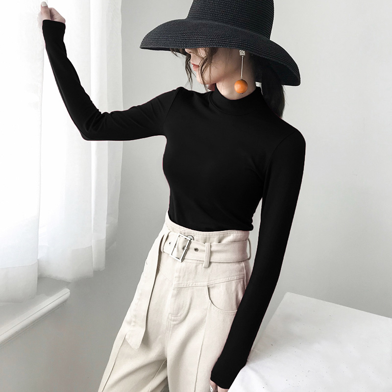 Autumn and winter base shirt women's long sleeve orange T-shirt half high collar slim fit inside cotton collar tight foreign pie top
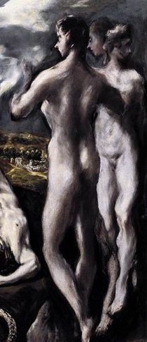 A la derecha, permanecen en pie dos figuras enigmáticas. Una masculina, otra femenina. La identidad de esta misteriosa pareja ha suscitado diversas interpretaciones, de índole pagana o cristiana. Cossío suponía que eran Apolo y Artemisa. Para otros, también podría tratarse de Poseidón y Casandra, Apolo y Antíope, París y Atenea, o incluso Adán y Eva. Quizá sea ésta última la hipótesis más correcta, al colocar a los primeros padres de la Humanidad -quienes también cometieron un grave error, costándoles la salida del paraíso- para otorgar un sentido católico a esta imagen profana. En cuanto a la presencia femenina, luego de una restauración del año 1955-56, se descubrió otra cabeza. La mujer presenta así una dualidad jánica: un rostro hacia adelante, y otro se extiende hacia atrás. La especulación respecto al significado de estas figuras enigmáticas y sus extraños detalles (como el brazo masculino que deviene nube, o la cabeza femenina doble), puede ser estéril si recordamos la fuerte posibilidad de que estas rarezas sólo se deban al hecho de que El Greco no alcanzó a terminar la pintura, pues murió en abril de 1614.
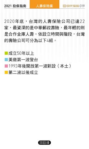 2021 ҳڭܸی ɛྪڭᎈุ 019 2020年底,台灣的人壽保險公司已達22 家,最資深的是中華郵政壽險,最年輕的則 是合作金庫人壽。依設立時間與階段,台灣 的壽險公司可分為以下4組。 ■成立50年以上 ■美商第一波登台 ■1993年後開放第一波新設(本土) ■第二波以後成立 回目錄
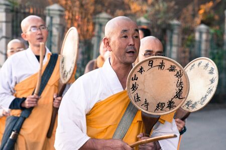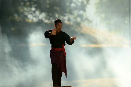Young Asian man in traditional clothes practicing qigong in the street.
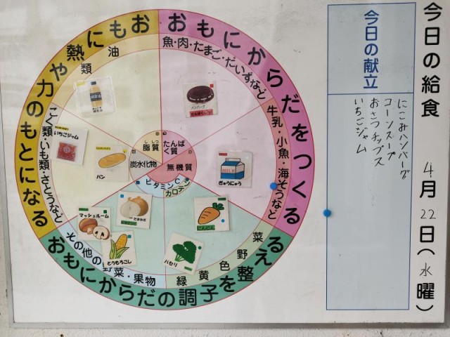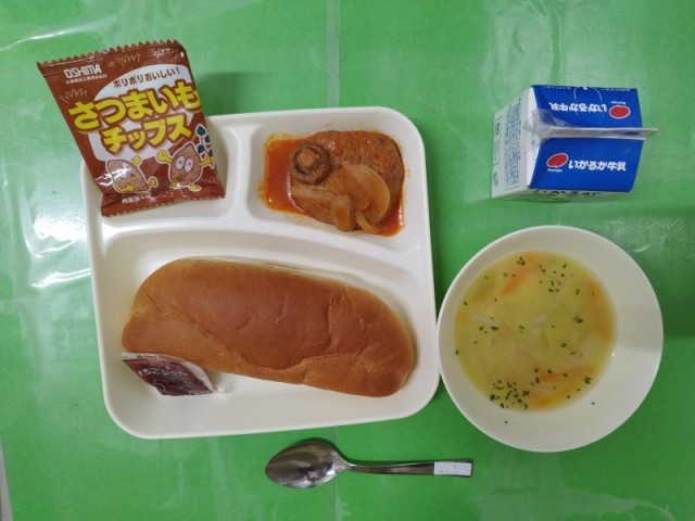 今日の献立は、コッペパン、牛乳、煮込みハンバーグ、コーンスープ、おさつチップス、いちごジャムです。
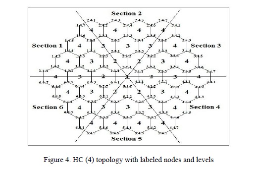 1- The Hex-Cell topology is divided into six sections labeled from left to right (clockwise) and numbered from 1 to 6, as shown in figure 2.
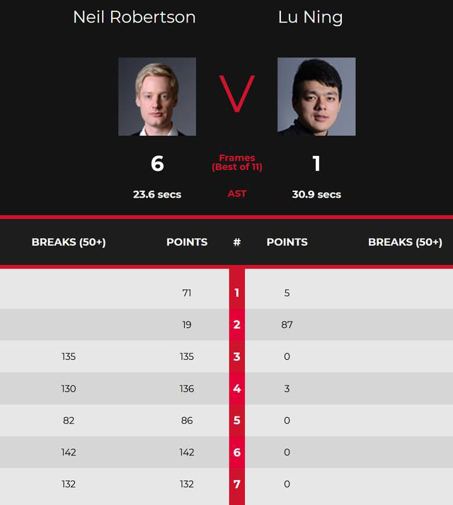 第一局,两人打得断断续续,进入到鏖战,鲁宁多次漏机会,罗伯逊多杆上手完成超分,71-5顺利拿下。第二局,鲁宁入局,49-0后白球摔袋,鲁宁再上手87-19拿下1-1平。

* WHAT THE TASK REQUIRES
The answer must be an exact copy of the lines from the one containing "Young Asian man" through the last line of the records, with no pictures included.

* ANSWER TO THIS EXERCISE
Young Asian man in traditional clothes practicing qigong in the street.
 今日の献立は、コッペパン、牛乳、煮込みハンバーグ、コーンスープ、おさつチップス、いちごジャムです。
 1- The Hex-Cell topology is divided into six sections labeled from left to right (clockwise) and numbered from 1 to 6, as shown in figure 2.
 第一局,两人打得断断续续,进入到鏖战,鲁宁多次漏机会,罗伯逊多杆上手完成超分,71-5顺利拿下。第二局,鲁宁入局,49-0后白球摔袋,鲁宁再上手87-19拿下1-1平。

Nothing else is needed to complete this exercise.